P222 Chronic pain is common in Paediatric Inflammatory Bowel Disease and impacts quality of life

Mardare, R.(1)*;Eskell, L.(1);Machta, J.(1);Fell, J.M.E.(1);Thangarajah, D.(1);

(1)Chelsea and Westminster Hospital, Paediatric Gastroenterology, London, United Kingdom;


Prevalence of chronic pain (CP) is reported as 38% in adult inflammatory bowel disease (IBD), with a significant impact on quality of life, functional and social outcomes 1,2,3.  Prevalence and attributes of chronic pain are unknown in paediatric IBD. Aim: evaluate the prevalence, disease related factors, and impact on quality of life (QOL) of CP.


Prospective, cross-sectional single centre study included 41 children, (8 -18 years), of a predominantly CD cohort 29/41, (70%). Patients and their parents completed validated age-appropriate pain questionnaires4 and IMPACT III QOL questionnaire for IBD5. CP was defined mild and moderate to severe, as per von Korff scale6. Disease specific parameters were recorded. CP and NP medians were compared using Mann-Whitney tests and proportions using Chi squared test (p<0.05).
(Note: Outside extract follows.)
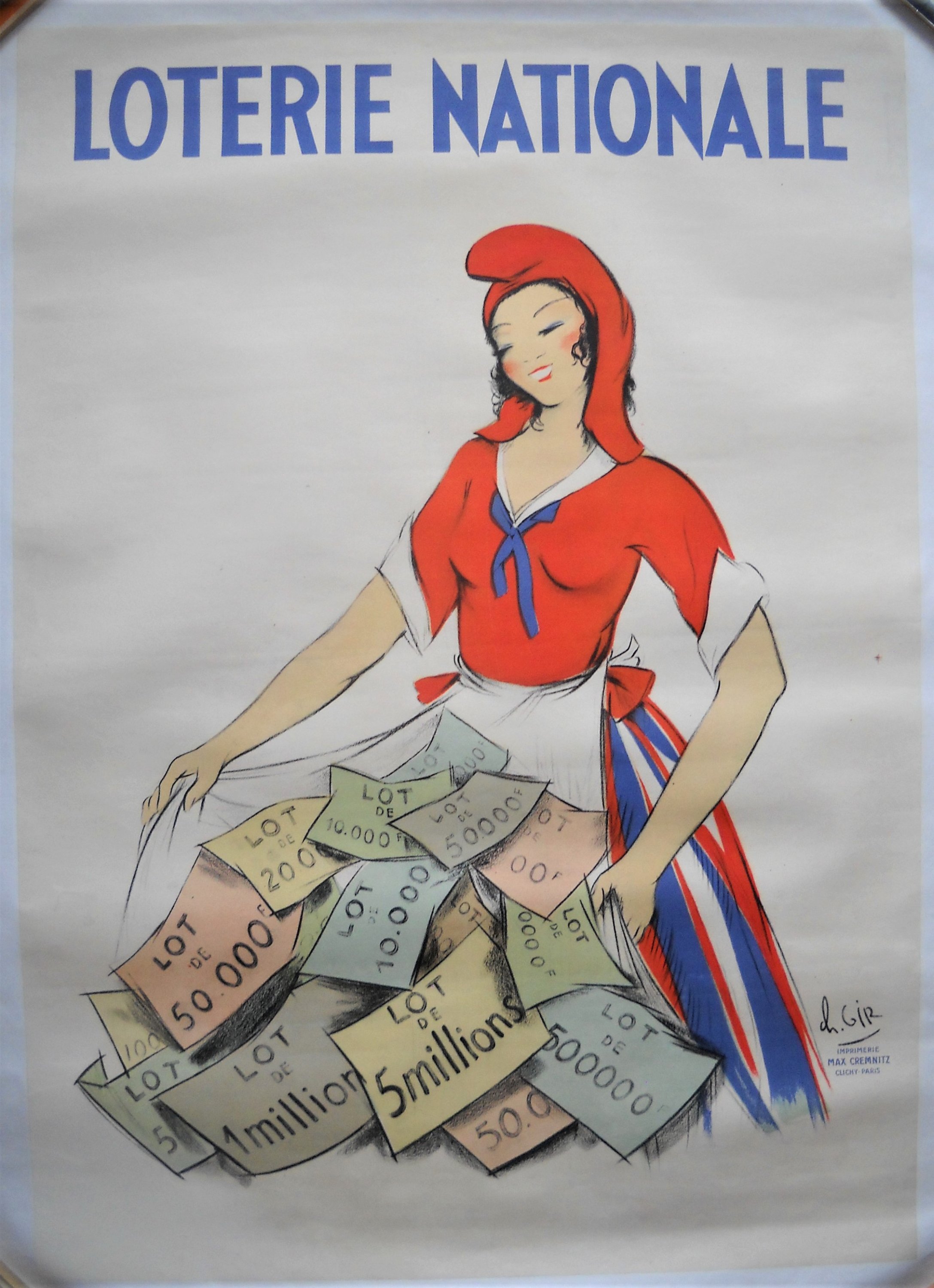 « Loterie Nationale ». Signée. [1936]. Epreuve originale imprimée en couleurs. « Max Cremitz Paris ». Entoilée, 112 x 79 cm. Bel état.

CP was prevalent in 33/41 (80%) patients. Abdominal CP was common in 30/33 (90%), joint pain was present in 2/33, (6%) and headache in 1/33, (3%). CP subjects were adolescents with extensive and established disease, predominantly on biologics 26/33 (79%). Analgesia use was low 15/33 (45%), and there was no opiate use. There was no difference in Disease activity CP vs NP, defined by PCDAI, PUCAI, CRP and Faecal calprotectin. QOL life score was significantly lower in CP, there was no difference in body image QOL domain score in CP vs NP. Comorbidity was common 16/33 (48%) in the CP cohort, 5/16 (31%) had diagnoses that maybe associated with comorbid pain.

We have shown that anaemia and sleep disturbance may be a signal associated with CP (Fig 1).


CP is common in paediatric IBD, more common than previous adult studies. Unlike historic adult IBD cohorts, it is not associated with disease activity or related biomarkers. It is unknown whether functional pain co-exists in our cohort. CP significantly impacts emotional, wellbeing and social functioning in children with IBD. This is the first study to report on CP in children with IBD, strategies should target psychosocial intervention. Further studies are needed to evaluate potential effects of socioeconomic status, physical activity, anaemia and prevalence of functional pain in children with IBD. We recommend screening for CP in children with IBD as it is common.